The FDA Just Approved These Balloons that You Swallow to Lose Weight

The FDA Just Approved These Balloons that You Swallow to Lose Weight

Another almost unbelievable weight-loss invention has just hit the market.

As if the AspireAssist weren’t enough, (the vacuum that sucks food from your stomach,) the FDA has just approved a capsule that expands in your stomach to promote weight loss.

Eating healthy food and getting a bit of exercise everyday just doesn’t work, huh?

Apparently, we are too far gone. Or, no one wants to try.

Here’s how it works: the Obalon Balloon System, which aims to help adults with obesity who have a Body Mass Index (BMI) of 30-40 kg/m2, uses gastric balloons to occupy space in the stomach.


Patients swallow a capsule that expands with air once inside. (It swells via a thin inflation catheter attached to the capsule).

The balloons, which are about 1 cup in volume, work to fill up a patient’s stomach, making them desire to eat less food to feel full, which in turn, results in weight loss.

Up to three balloons can be placed in a patient over a 6-month treatment period, at the end of which, the air sacks are deflated and removed using an endoscopic procedure.

A study was done to prove that these wacky contraptions actually help people lose more weight than other methods and that they are a relatively safe thing to use for some.
The system, designed by San Diego firm Obalon Therapeutics, allows a gastric balloon to be inserted into the stomach without invasive surgery.

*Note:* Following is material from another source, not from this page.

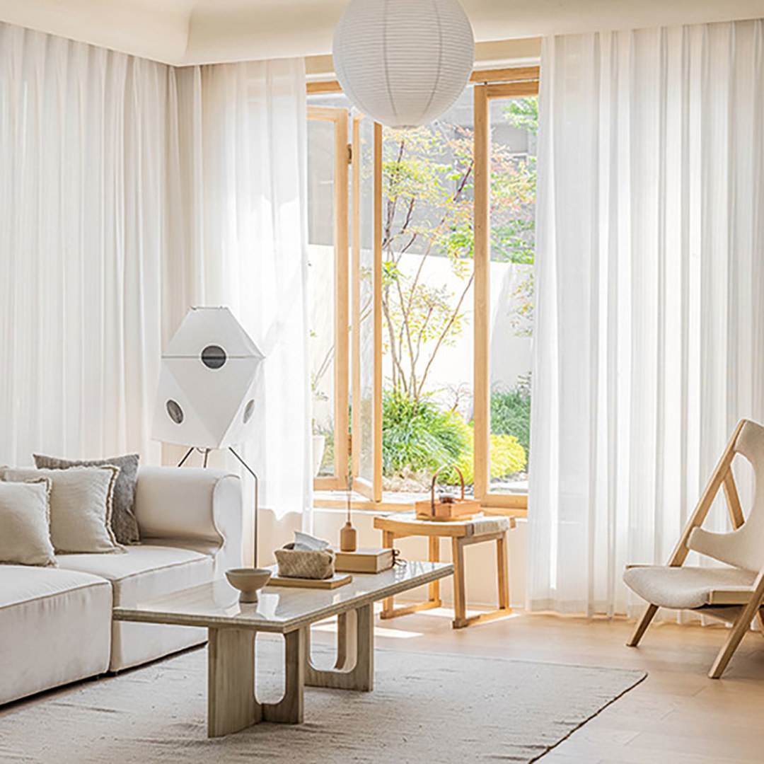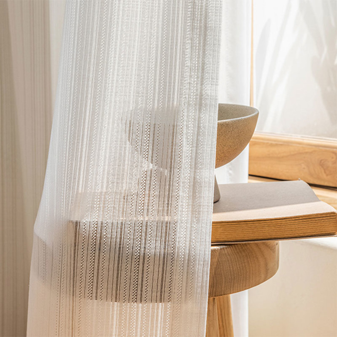 Ces rideaux voilés rayés, épais et semi-transparents, utilisent un procédé de tissage fin spécial qui forme une surface réfléchissante et brillante à l’arrière du tissu, comme un miroir, reflétant la lumière et protégeant l’intimité.

The balloon is being launched in the UK after successful trials here and in the US. What makes this system different from other gastric balloons is that it can be swallowed and then inflated without the need for anaesthetic or sedation. It is packed inside a gelatine capsule that dissolves in the stomach and is inflated through a tube. Then the tube is pulled out, allowing a self-sealing valve to keep the balloon inflated. Two or even three balloons could be placed in the patient's stomach, and after three months they are removed using a traditional endoscopic procedure. The balloon works by taking up space in the stomach, making the patient feel fuller after eating a reduced portion of food, and so reducing their calorific intake. Picture: Universal News And Sport (Scotland) 21 January 2014.

Cool? Listen, when it comes to these extreme procedures, all I can say is, doctors, do your work.

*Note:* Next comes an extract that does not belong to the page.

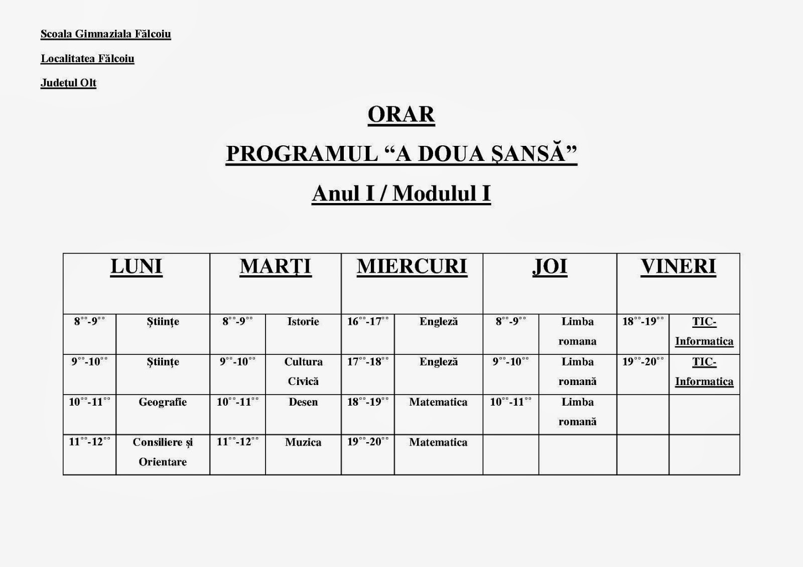 2 depunerea dosarelor de înscriere în anul i al programului a doua șansă pentru învățământul secundar inferior se poate face de două ori pe parcursul unui an din. Orar gimnaziu orar primar. Programul a doua şansă învăţământ secundar inferior are drept scop sprijinirea persoanelor cu vârsta de peste 14 ani care nu au finalizat învăţământul gimnazial absolvenți de clasele a v a a vi a sau a vii a astfel încât acestea să îşi poată completa şi finaliza educaţia de bază din cadrul învăţământului obligatoriu precum şi pregătirea pentru obţinerea unei calificări profesionale într un anumit domeniu. Au absolvit învăţământul primar obligatoriu inclusiv în sistemul a doua şansă dar nu şi au continuat educaţia mai departe sau.

Find a better way to inspire your dangerously overweight patients to lose the pounds they have to.

Yes, everyone human deserves to keep on living and to be able to participate in the world in multi-faceted ways.

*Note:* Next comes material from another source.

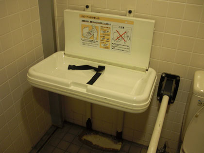 多目的トイレにはオムツ台も用意されていますが、使用済みオムツを捨てられる場所はないです(さすがにクズ入れに捨てるのはマズイでしょう)。

But these insane inventions only serve to beat around the bush and never address the proper issue, which is people’s habits.


Is a balloon really going to help someone go for a walk, eat a balanced diet all the time or believe they can make a change in their life on their own?

Maybe if the device were alive, and could talk to provide counseling, inspiration, emotional support and daily guidance, then, yes.

But until that robot comes, the human touch can probably provide longer-lasting success. It just actually takes more work.